A two-hour drive southwest out of Shillong takes us to a village named after my favourite fruit, Sohïong. A black, fleshy cherry transformed by my mother every summer into juice, jam and wine. We’ve left the sprawl of town far behind, and the countryside is pleasingly open. The landscape, softly rolling past us, was once covered in Sohïong trees, I’m told, but the hills now lie sadly barren. Unfortunate as this is, we haven’t trekked all the way here for fruity delights. Our poison of choice is something else entirely, and brewed in a small tin shack that looks like an abandoned cowshed.

“Are you sure this is safe?” I ask timorously.

“Best in the world,” my companions reply, not quite answering my question.

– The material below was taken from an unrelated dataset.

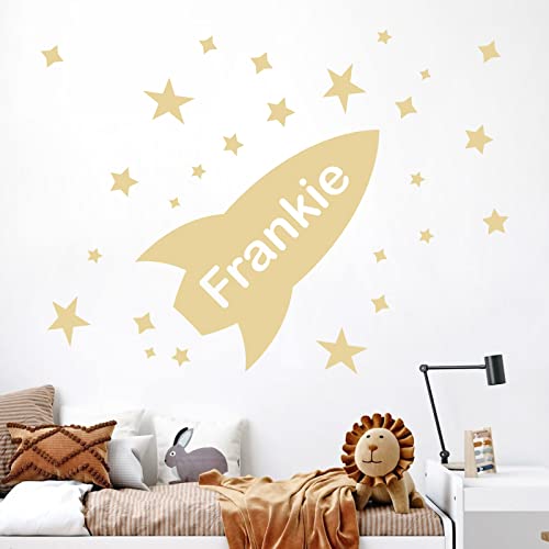 Wandtattoo Rakete mit Sternen – Jungen-Schlafzimmer personalisierbar Name [Creme]

We park along the only road in the village and head to a jadoh stall (possibly the only one in the village), rickety but clean, and supplied with a few wooden benches and tables. A plate of meat swiftly falls between us — soft, succulent pieces of country chicken cooked in a simple ginger-onion paste. Our waiter places a curious bamboo tumbler before me, it holds a gently fizzing, lightly bubbly liquid the colour of milky sunshine. Rice beer or kiad um (water liquor), so called because of its low alcohol content. I’ve tasted lao pani in Assam, also made with the same ingredients, but this is slightly sweeter, more tart.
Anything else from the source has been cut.